Task goal
Pictures are to be skipped. Retype exactly the lines from the top of the material through the one with "Дважды крутите вентиль", and only those.

-- Opening Marker --

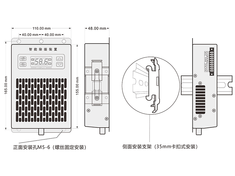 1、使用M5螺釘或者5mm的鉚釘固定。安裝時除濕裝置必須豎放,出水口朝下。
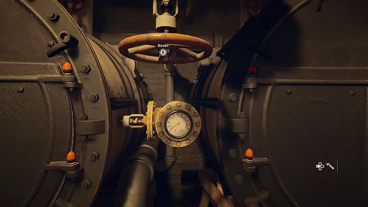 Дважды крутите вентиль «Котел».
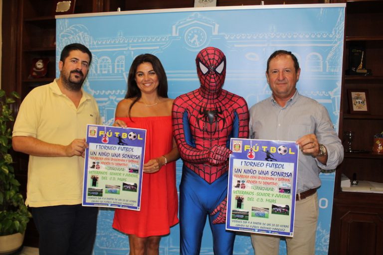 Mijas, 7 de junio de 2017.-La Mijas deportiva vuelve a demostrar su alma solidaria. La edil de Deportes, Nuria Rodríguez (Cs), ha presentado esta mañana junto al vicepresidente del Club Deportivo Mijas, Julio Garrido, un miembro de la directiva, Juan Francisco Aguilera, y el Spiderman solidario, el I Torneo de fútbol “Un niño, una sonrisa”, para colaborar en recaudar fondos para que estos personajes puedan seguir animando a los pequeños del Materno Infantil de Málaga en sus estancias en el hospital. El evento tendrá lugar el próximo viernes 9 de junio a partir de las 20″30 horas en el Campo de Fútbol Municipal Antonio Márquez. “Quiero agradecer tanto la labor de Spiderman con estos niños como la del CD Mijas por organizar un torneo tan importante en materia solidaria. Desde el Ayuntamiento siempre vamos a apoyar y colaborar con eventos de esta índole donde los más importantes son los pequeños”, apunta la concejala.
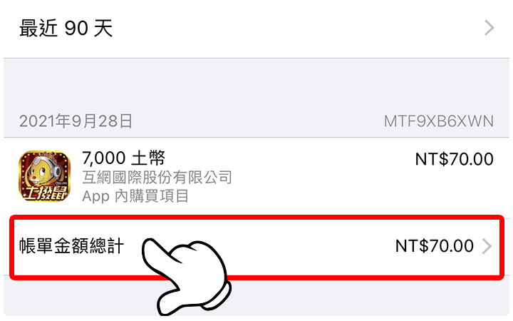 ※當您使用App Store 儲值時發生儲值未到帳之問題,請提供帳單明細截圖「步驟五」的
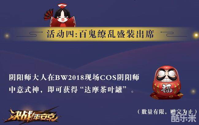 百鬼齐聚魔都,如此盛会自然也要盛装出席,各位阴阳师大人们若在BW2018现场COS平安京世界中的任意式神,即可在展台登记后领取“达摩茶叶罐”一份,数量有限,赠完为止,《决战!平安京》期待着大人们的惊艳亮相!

-- Closing Marker --

Result
 1、使用M5螺釘或者5mm的鉚釘固定。安裝時除濕裝置必須豎放,出水口朝下。
 Дважды крутите вентиль «Котел».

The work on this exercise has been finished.